Jasper stepped around the bleeding mess in front of him and struck Fuller’s left ankle with the savage force only known by the truly insane. Jasper had one more blow inside him, his own body squealing from the effort of the brutal attack. He chose Fuller’s left knee and let the crowbar smash into its target like a wrecking ball. The sound of Fuller’s patella imploding would have given him a hard on a few years ago, but Jasper stoically accepted the fact that fucking someone now was a different type of pleasure altogether.

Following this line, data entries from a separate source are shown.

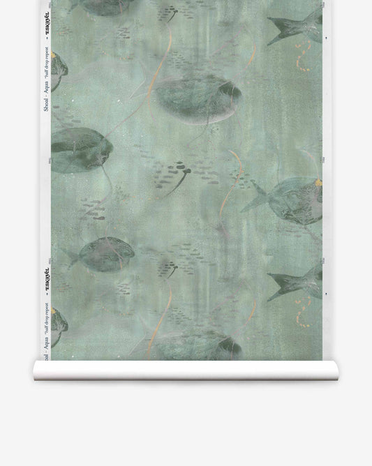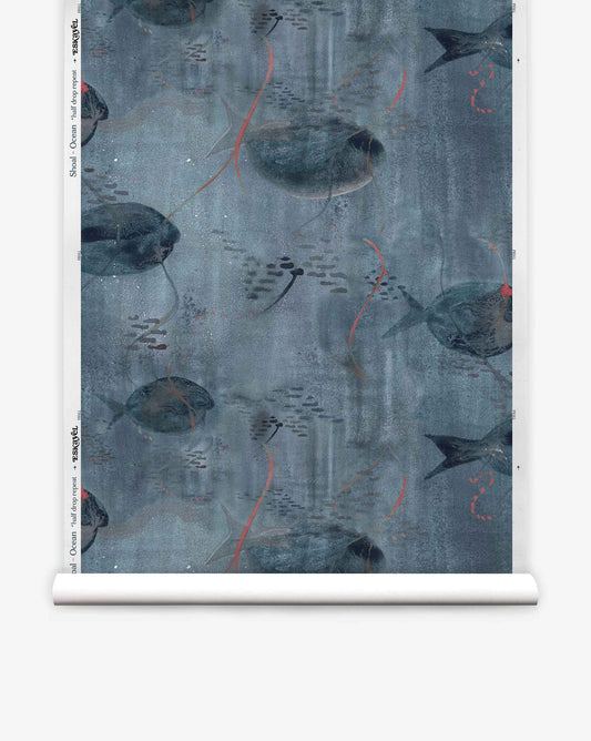 Featuring a school of fish hovering in a watery habitat, Shoal is a new pattern that drips with ambiance. Shanan Campanaro painted the design in watercolor after an afternoon spent snorkeling in the Maldives.
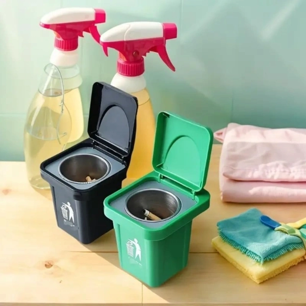 ÇÖP KUTUSU TASARIMLI DUVAR KÜLLÜĞÜ Ürün ÖzellikleriSıradan küllük tasarımlarını unutun! Çöp Kutusu Tasarımlı Duvar Küllüğü, eğlenceli minyatür çöp kutusu formuyla hem mekanınıza dekoratif bir hava katar hem de kullanım kolaylığı sağlar. Duvara monte edilebilir yapısı sayesinde balkon, teras, banyo veya ofis gibi alanlarda yer kaplamadan pratik bir kullanım sunar. İç kısmında yer alan çıkartılabilir paslanmaz metal hazne, temizlik işlemini saniyeler içinde halletmenizi sağlar ve koku oluşumunu minimize eder. Kapaklı tasarımı sayesinde rüzgardan etkilenmez ve küllerin çevreye dağılmasını engeller. Dayanıklı plastik gövdesi ve şık duruşuyla görseldeki siyah veya yeşil renk seçeneklerinden biri karışık gönderilir. Güçlü yapışkanlı montaj aparatı ile yüzeye zarar vermeden kolayca sabitlenebilir.Ürün Teknik ÖzellikleriÖzellikAçıklamaTasarımMinyatür Çöp Kutusu FormuMontaj TipiDuvara Monte (Yapışkanlı Aparat Dahil)MalzemeKaliteli Plastik Gövde & Paslanmaz Metal İç HazneKapak SistemiKoku ve Kül Dağılımını Engelleyen Kapaklı YapıRenk SeçenekleriSiyah veya Yeşil (Karışık gönderilir)Kullanım AlanıBalkon, Ofis, Banyo, Kafe ve RestoranlarPaket İçeriği1 Adet Çöp Kutusu Tasarımlı Duvar Küllüğü
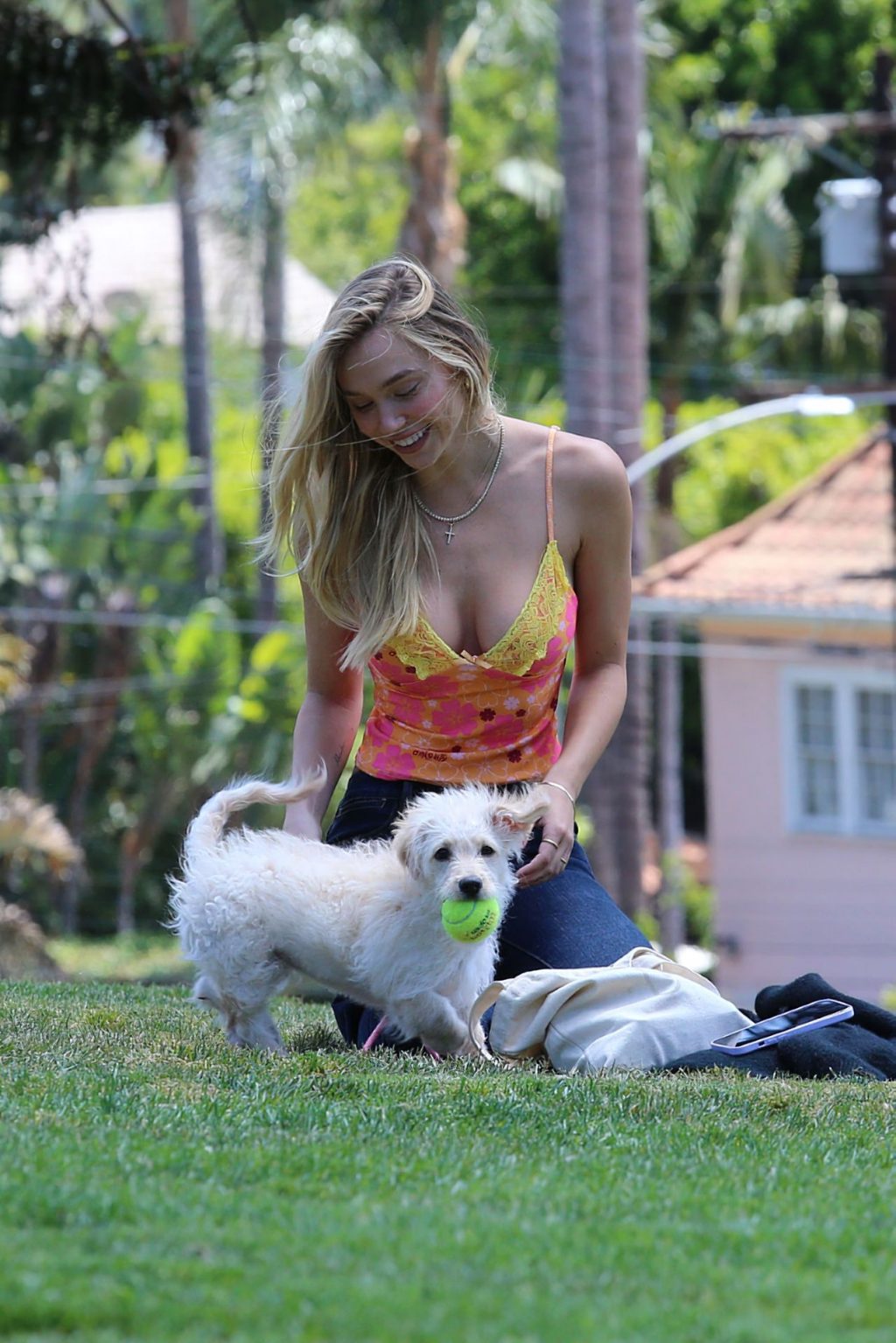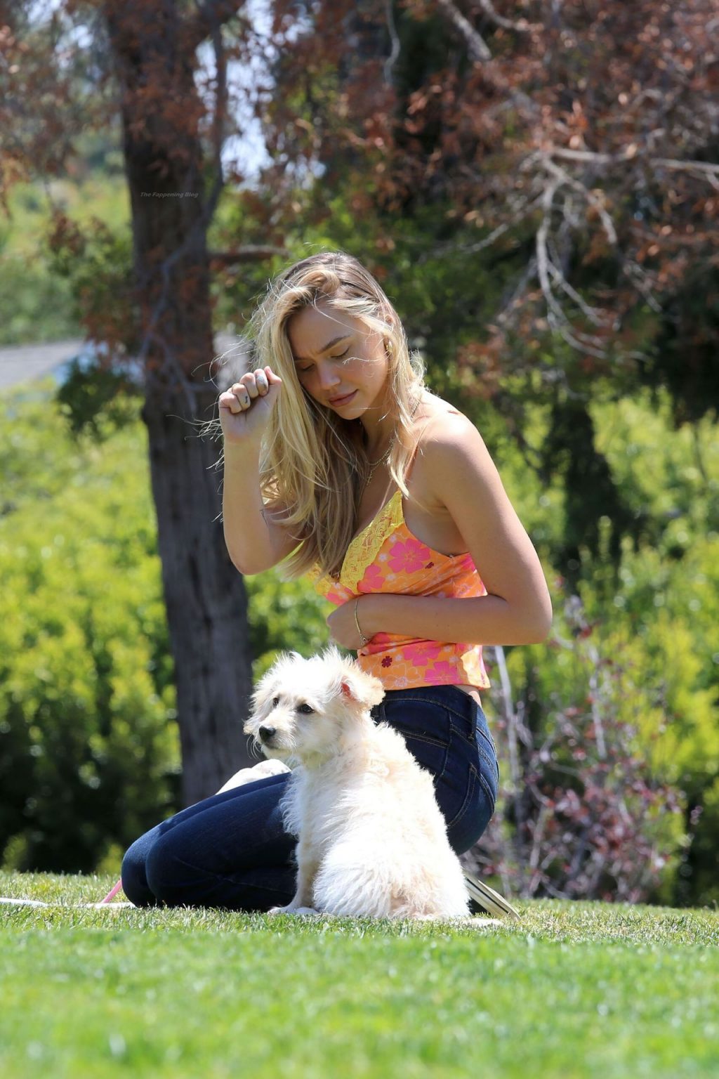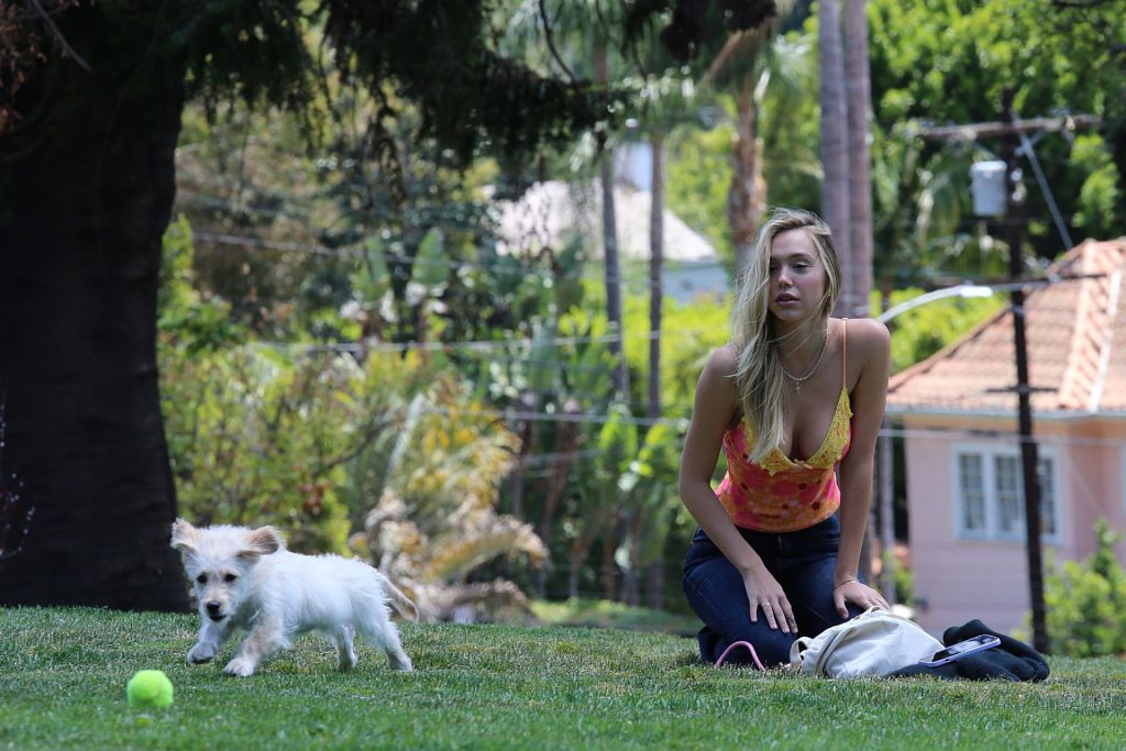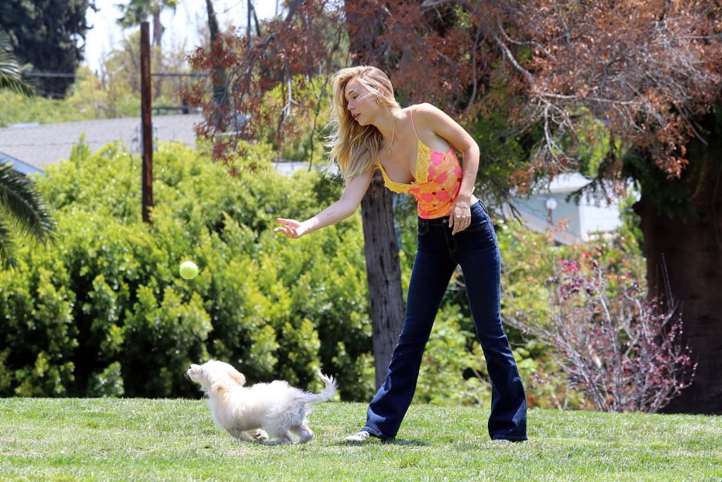 Alexis Ren se ve pasando un buen rato con su cachorro Angel en un parque local, 28/04/2021.
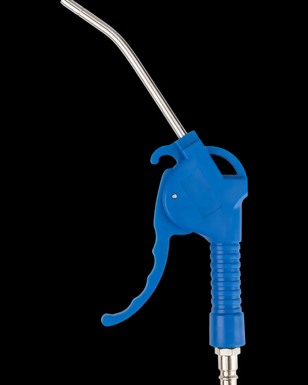 Blæsepistol med nippel til tilslutning af trykluft. Pistolen anvendes til rengøring af værkstedsområder, maskiner og arbejdsborde, hvor der er behov for præcis og kraftig luftstrøm. Det bøjede rør giver adgang til svært tilgængelige steder, såsom hjørner og smalle sprækker.Pistolen er udstyret med en lynkoblingsnippel for hurtig montering på trykluftslange. Det 10 mm tykke rør i metal sikrer god luftgennemstrømning og lang holdbarhed. Grebet er udformet i rillet plast med aftrækker, der giver et godt greb og enkel betjening.Maksimalt driftstryk: 8 bar.
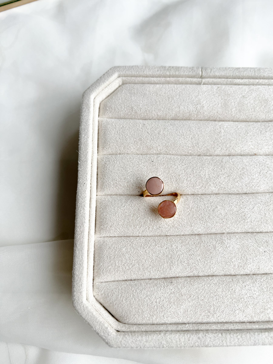 Deze elegante peachy ring in natuurlijke tinten is met de handgemaakt met epoxy, perfect voor wie van een warme en neutrale look houdt. Dankzij de verstelbare ring is hij comfortabel en passend voor elke vinger. Tijdloos en stijlvol in zijn eenvoud.
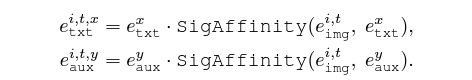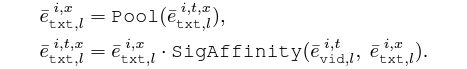 i번째 비디오의 t번째 프레임의 클래스 x에 대한 텍스트 토큰 e_{txt}^{i, t, x}를 만들어주기 위해 프레임과 텍스트 간 cos 유사도에 Sigmoid를 태워 이 값을 다시 텍스트 토큰에 곱해주는 것입니다. Aux 토큰들에 대해서도 마찬가지로 만들어내줄 수 있습니다.
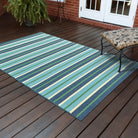 Meridian 9652F, a stunning rug that will transform any indoor or outdoor area with its vibrant colors. The collection showcases tricolor yarn in popular shades like indigo blue, Aruba blue, Kelly green, and tomato red. This unique feature provides added versatility for creating a colorful space that pops.
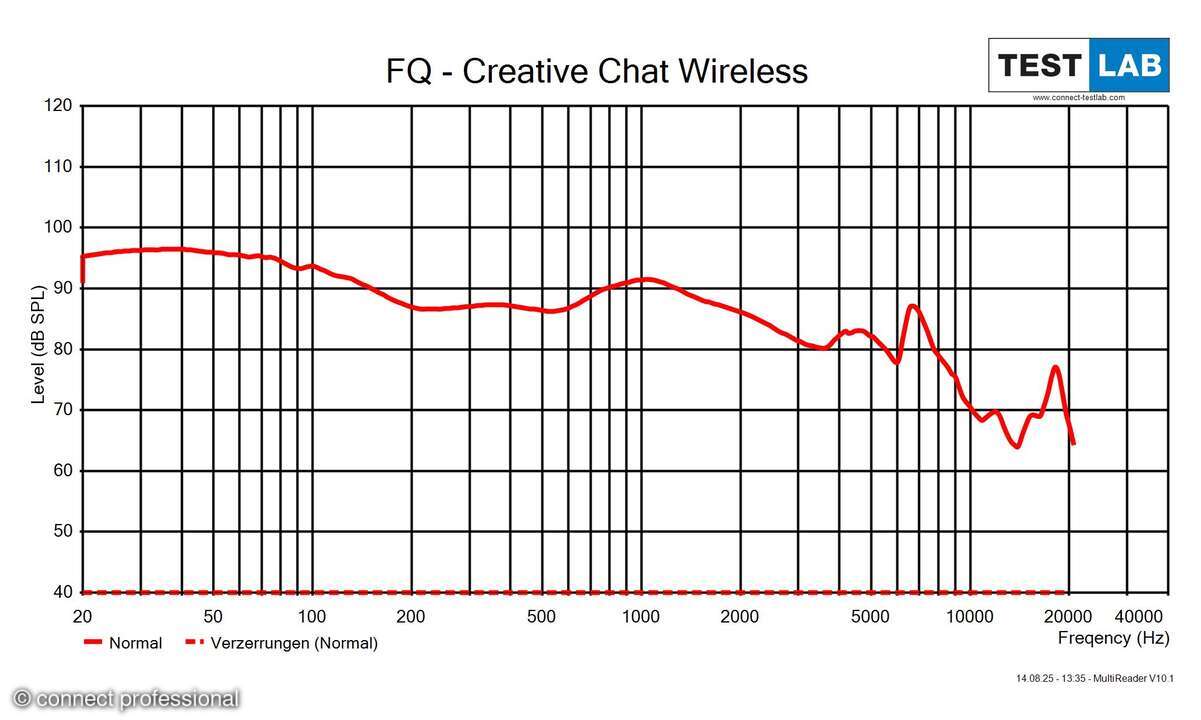 Über jeden Zweifel erhaben ist die Maximallautstärke mit 108 dB SPL. Das Creative Chat Wireless kann also richtig laut. Das sollte der Nutzer zur Erhaltung der eigenen Hörfähigkeit nur selten und in zeitlich begrenzten Dosen ausnutzen.

He'd want Fuller conscious for as long as possible. No point wasting all that pain on a man unable to feel it. He walked back to his truck and retrieved the wood. He’d slide it under Fuller’s limp neck when he was sure Fuller had no more fight in him …then he’d wait and listen to Fuller’s desperate, blood sodden gulps for air. Growing impatient Jasper crashed the bar into Fuller’s ribs and heard them fold in like chicken bones under a heavy boot. Fuller coughed a thick globule of blood onto the dry ground and moaned, the sound reminding Jasper of his wife as she battled the cancer without the morphine.

Jasper opened his fly and pissed on Fuller’s crotch. Zipping himself up, he placed the pillow over Fuller’s face and gave him a few more minutes in hell’s waiting room. Fuller’s muffled sobs would let him know when. He stepped on his victim’s skull until he heard the crack.

Jasper cleared up his things and left Fuller’s crumpled corpse at the foot of the ladder. His own body had suffered more than it should have been forced to endure and he’d need a beer or six to hush its recalcitrant, plaintive complaints. As Jasper quietly manoeuvred his truck back onto the track and headed home, he reflected on the night’s work. He’d be scrawling ‘Balance Paid’ in his book soon enough and wondered if the guys in the bar would toast Fuller’s inevitable from grace.